**ACTION ITEM**
Your copy of the listing should be exact and should contain no pictures.

---- INPUT DATA

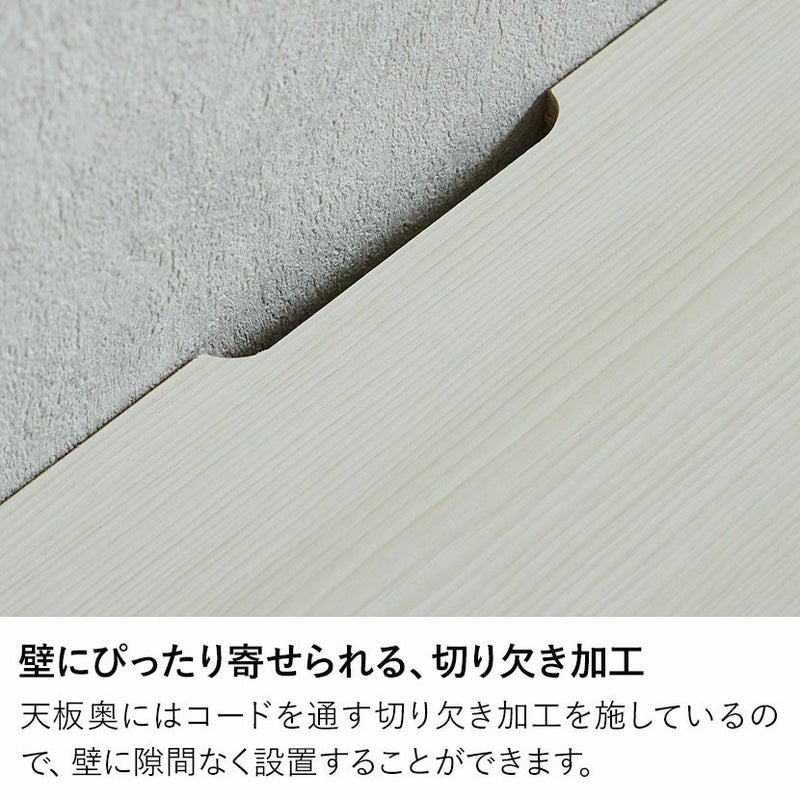 天板奥にはコードを通す切り欠き加工を施しているので、壁に隙間なく設置することができます。
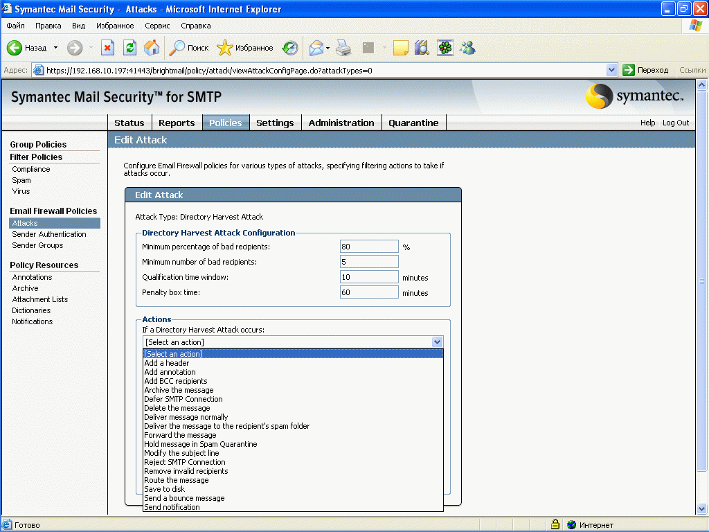 Рисунок 24a: Policies – Email Firewall Policies – Attacks – Directory Harvest Attack – Варианты действий над сообщениями и критерии Directory Harvest Attack
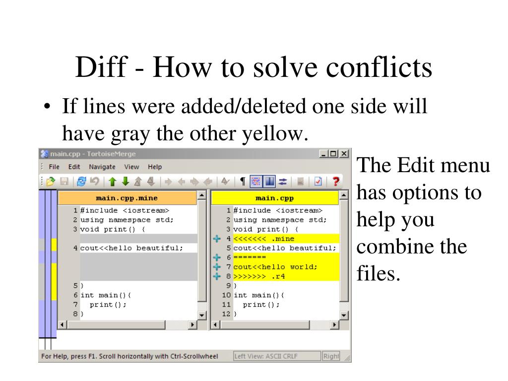Diff - How to solve conflicts • If lines were added/deleted one side will have gray the other yellow. The Edit menu has options to help you combine the files.

--------

**ANSWER SECTION**
 天板奥にはコードを通す切り欠き加工を施しているので、壁に隙間なく設置することができます。
 Рисунок 24a: Policies – Email Firewall Policies – Attacks – Directory Harvest Attack – Варианты действий над сообщениями и критерии Directory Harvest Attack
Diff - How to solve conflicts • If lines were added/deleted one side will have gray the other yellow. The Edit menu has options to help you combine the files.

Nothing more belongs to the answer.